73歳で「生涯現役」と働き続ける祖父。年金を「月7万円」ほど受け取っているそうですが、“持ち家”でも働き続ける必要があるのでしょうか?
一方、年金だけでは日々の生活費が足りず、生活費の補填(ほてん)を目的として働き続ける人たちもいるでしょう。高齢の人の中には、すでに住宅ローンを完済した持ち家を所有している人もいますが、持ち家だったとしても年金だけでの生活は難しいのでしょうか。
本記事では70歳以上の高齢者が働いている割合と、高齢者の生活費の支出について解説していきます。
ファイナンシャルプランナー2級
目次
70歳以降も働く人はどのくらいいるの?
総務省の調査によると、2023年時点での65歳以上の高齢者の就業率は25.2%で、前年と同率になっています。

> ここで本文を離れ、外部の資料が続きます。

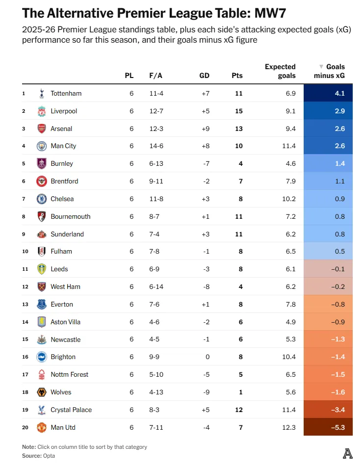 來(lái)源:紐約時(shí)報(bào)虎撲10月02日訊 The Athletic UK制作英超賽季至今的預(yù)期進(jìn)球數(shù)統(tǒng)計(jì)表,解析進(jìn)攻問題。
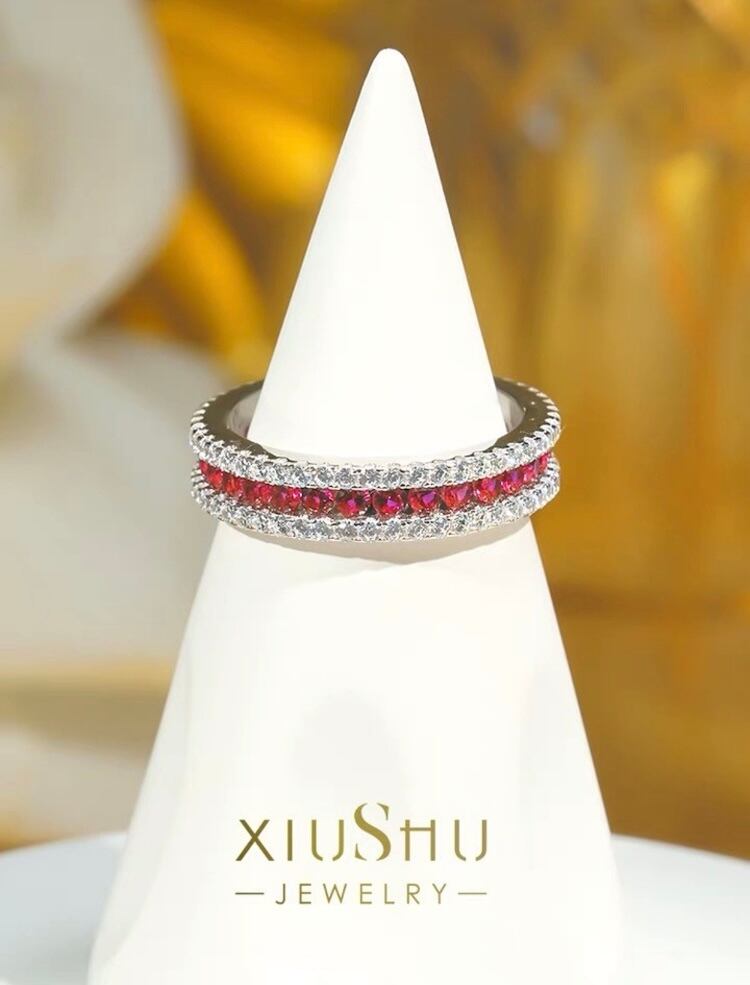 オリジナルの高炭素ダイヤモンドの人工ルビーのリングになります。

年齢階級別にみると、65~69歳は52.0%、70~74歳は34.0%、75歳以上は11.4%と、いずれも過去最高となっています。つまり65歳以上のおよそ4人に1人は何らかの形で仕事をしているということになるのです。
高齢者の生活費は?
総務省統計局の家計調査の2024年の平均結果によると、65歳以上の単身無職世帯において平均収入は13万4116円であるのに対し、月々の平均消費支出額が14万9286円です。支出の主な内訳は次の通りです。
食費 4万2085円
住居費 1万2693円
光熱・水道費 1万4490円
家具・家事用品 6596円
被服及び履物 3385円
保健医療 8640円
交通・通信 1万4935円
教養娯楽 1万5492円
その他消費支出 3万956円
(うち諸雑費) 1万3409円
(うち交際費) 1万6460円
(うち仕送り) 1059円
単身世帯の高齢者世帯では、収入よりも支出のほうが上回っており、家計に対しての食費とその他の消費支出の割合が高くなっていることが分かります。
持ち家で年金7万円の生活は厳しい?
毎月の年金が7万円の場合、65歳以上の単身無職世帯での平均支出14万9286円と比較するとおよそ7万9000円不足することになります。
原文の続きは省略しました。